* **What is required**:
Only one span of the material below is wanted. Output it exactly, from the line with "A simple custom" through the line with "Chaps Men's Genuine", without any pictures.

>>>

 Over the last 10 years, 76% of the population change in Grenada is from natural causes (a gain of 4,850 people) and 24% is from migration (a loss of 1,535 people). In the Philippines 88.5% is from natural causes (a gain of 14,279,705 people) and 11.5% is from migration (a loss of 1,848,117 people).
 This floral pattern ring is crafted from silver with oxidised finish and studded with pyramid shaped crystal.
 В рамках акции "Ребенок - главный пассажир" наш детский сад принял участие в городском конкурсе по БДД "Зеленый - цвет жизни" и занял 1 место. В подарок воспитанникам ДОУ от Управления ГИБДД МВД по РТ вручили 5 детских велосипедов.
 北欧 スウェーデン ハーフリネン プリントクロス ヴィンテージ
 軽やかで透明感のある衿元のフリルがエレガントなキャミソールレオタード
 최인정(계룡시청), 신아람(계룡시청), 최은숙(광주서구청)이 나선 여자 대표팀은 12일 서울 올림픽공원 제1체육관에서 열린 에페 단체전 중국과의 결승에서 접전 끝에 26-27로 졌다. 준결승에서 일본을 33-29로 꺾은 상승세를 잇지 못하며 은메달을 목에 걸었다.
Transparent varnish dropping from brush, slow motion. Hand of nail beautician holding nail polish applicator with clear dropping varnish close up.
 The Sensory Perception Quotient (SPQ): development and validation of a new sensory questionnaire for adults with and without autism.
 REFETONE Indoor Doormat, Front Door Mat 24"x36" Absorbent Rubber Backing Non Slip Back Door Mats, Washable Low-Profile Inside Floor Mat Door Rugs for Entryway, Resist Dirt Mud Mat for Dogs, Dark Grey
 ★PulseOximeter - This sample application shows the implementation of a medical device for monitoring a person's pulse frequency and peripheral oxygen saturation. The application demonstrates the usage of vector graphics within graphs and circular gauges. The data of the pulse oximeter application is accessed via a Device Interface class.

<<<
>>>

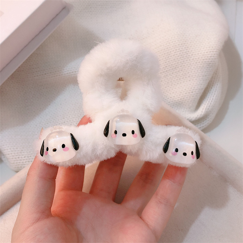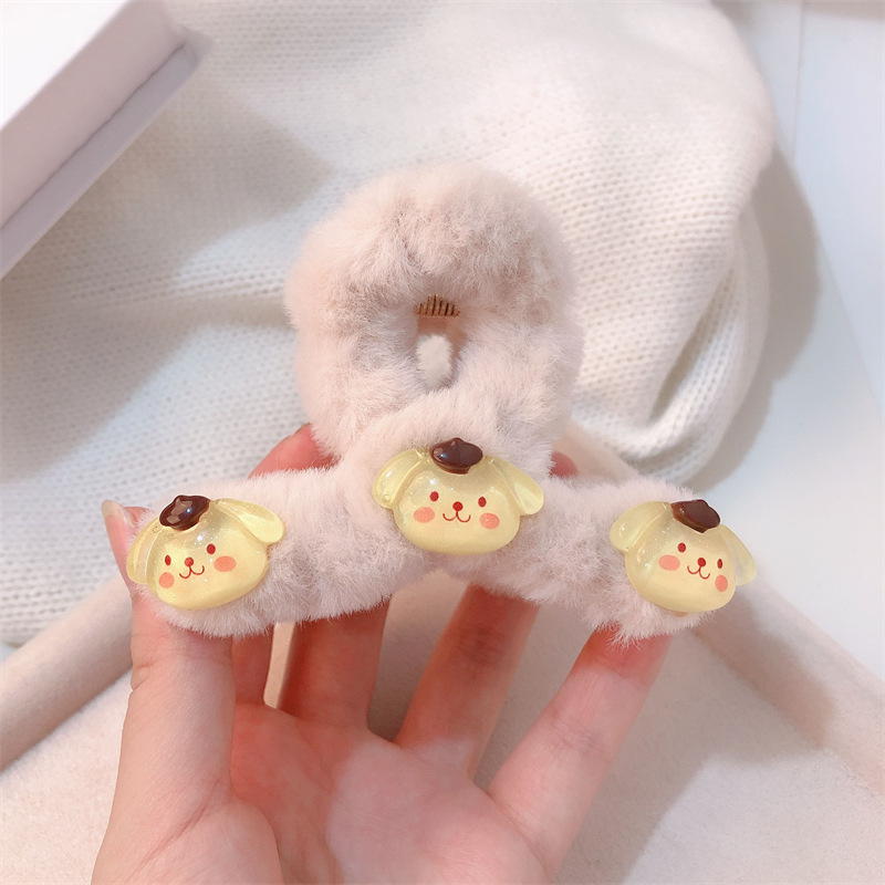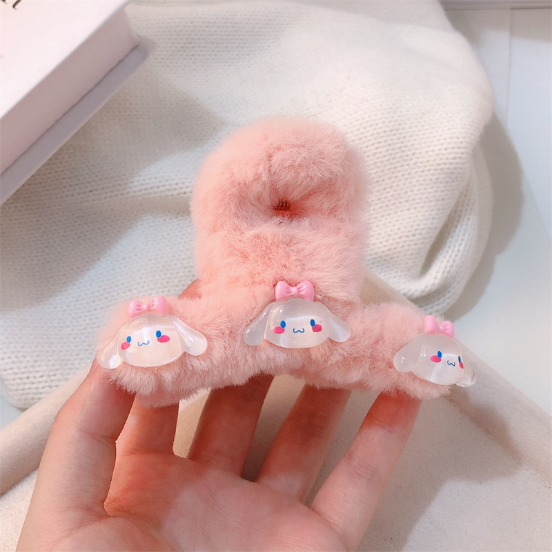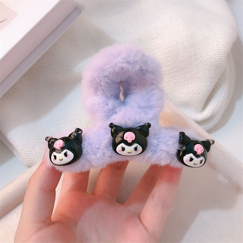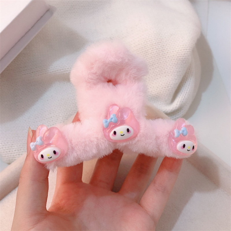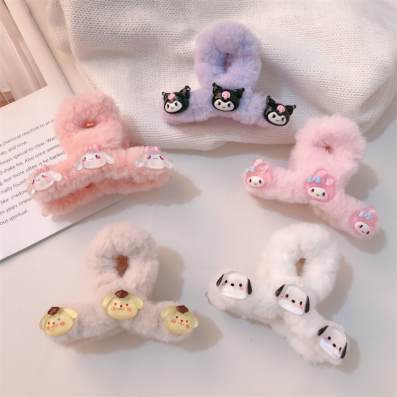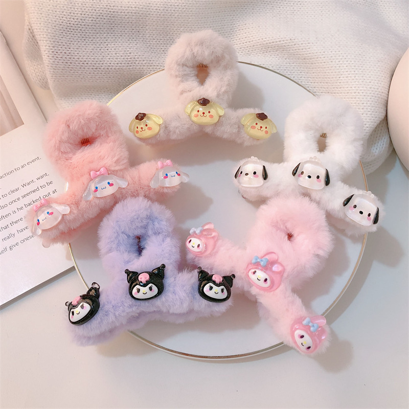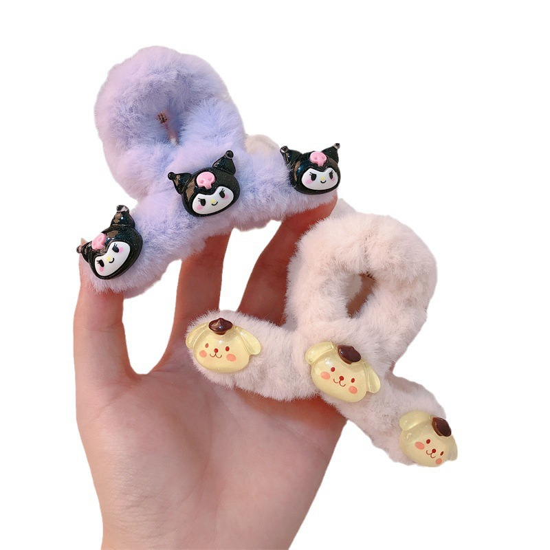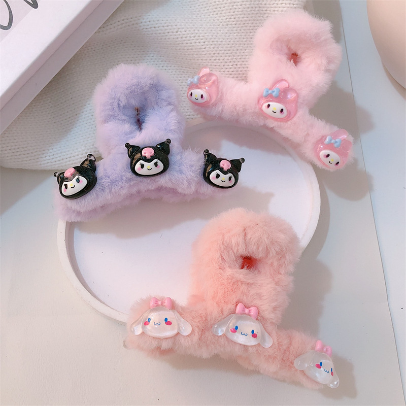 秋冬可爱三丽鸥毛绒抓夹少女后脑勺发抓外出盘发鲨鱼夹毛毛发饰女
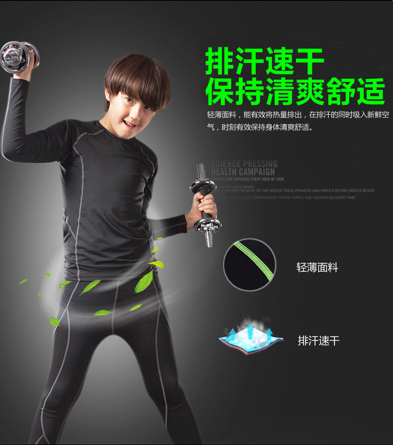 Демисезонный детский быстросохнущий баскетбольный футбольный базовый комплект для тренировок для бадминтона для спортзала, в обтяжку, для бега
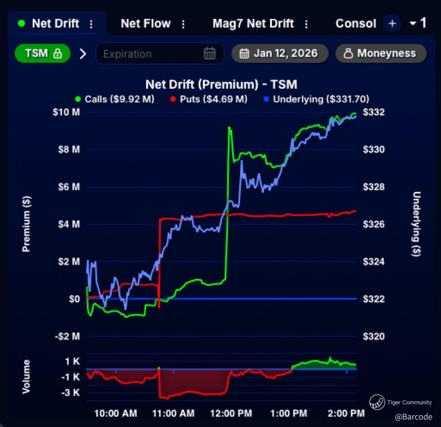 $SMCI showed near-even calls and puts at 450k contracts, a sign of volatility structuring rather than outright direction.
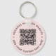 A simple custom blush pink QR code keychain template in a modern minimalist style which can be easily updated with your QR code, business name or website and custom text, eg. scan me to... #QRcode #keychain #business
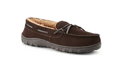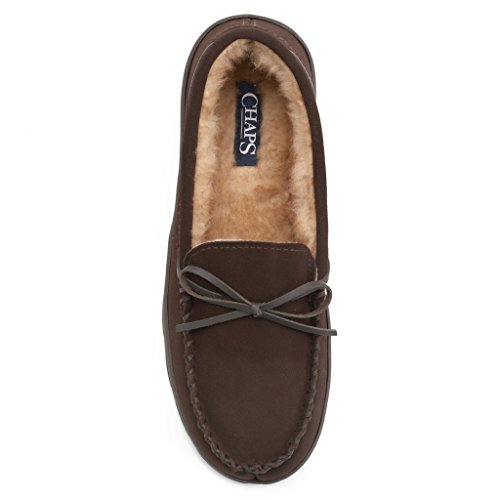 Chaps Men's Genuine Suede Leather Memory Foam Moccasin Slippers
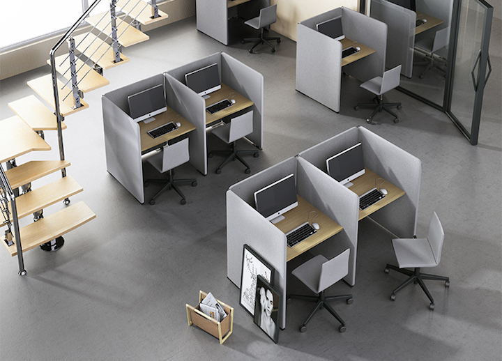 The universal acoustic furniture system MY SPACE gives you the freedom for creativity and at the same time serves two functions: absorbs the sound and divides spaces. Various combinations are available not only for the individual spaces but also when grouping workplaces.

<<<

* **Answer box**:
 A simple custom blush pink QR code keychain template in a modern minimalist style which can be easily updated with your QR code, business name or website and custom text, eg. scan me to... #QRcode #keychain #business
 Chaps Men's Genuine Suede Leather Memory Foam Moccasin Slippers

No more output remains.